Goldman Sachs is already under significant public scrutiny following allegations of fraud laid by the US Securities and Exchange Commission (SEC) concerning its handling of the Abacus 2007-AC1 CDO, which had a limited number of investors but is alleged to have been created with the knowledge that it would be shorted by Paulson & Co, when investors on the long side were not aware.
The UK's Financial Services Authority has confirmed it is also investigating the UK division of Goldman Sachs, while German regulatory authorities may get involved too.
The narrow range of claims filed by the SEC are complex as they allege Goldman created a CDO which were designed to lose money even though other parties were not aware of the possible shorting or the other party involved.
However, Goldman has answered claims by arguing ACA Capital Management, the largest investor and IKB, the German bank, were given "extensive disclosure" about the underlying mortgage securities, particularly as ACA is said to have approved the portfolio, while investors understood the synthetic CDO could include a long and short side.
This is unlikely to be enough to sway investors in Goldman Sachs, however, according to Thomas Dubbs, partner at legal firm Labaton Sucharow.
He said work on class action lawsuits by major US state pension funds could start as early as next week, alleging misinformation has affected the company's share price. Goldman's share value has rebounded a fraction since the allegations surfaced last Friday (16 April) but was still down at least 12% by 16:00 CET today.

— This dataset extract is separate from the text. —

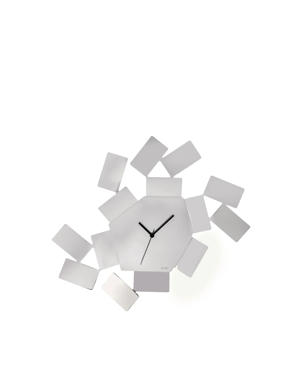 アレッシが得意とする金属加工技術を駆使し、ステンレスのシートから創り出された不規則な六角形のフェイスが特徴です。立体的な構造と空いたスペースから生まれる光と影のダイナミックなコントラストは、単なる時計を超えたアート作品のような存在感を放ちます。 リビングやオフィス、ショップなど、モダンで表現豊かなアクセントを求める空間に、視覚的なインパクトをもたらします。

"I would anticipate a class action to be initiated within the US over the course of the next week," said Dubbs. "Thereafter, I would anticipate major state pension funds and other institutions to vie for leadership of that case."
He continued: "These institutions, as well as the market in general, seem to believe the Abacus situation reflects a more systemic situation at Goldman."
Goldman has strenuously denied any misinformation and fraud claims made concerning this particular CDO transaction and stated: "We are disappointed that the SEC would bring this action related to a single transaction, in the face of an extensive record which establishes that the accusations are unfounded in law and fact."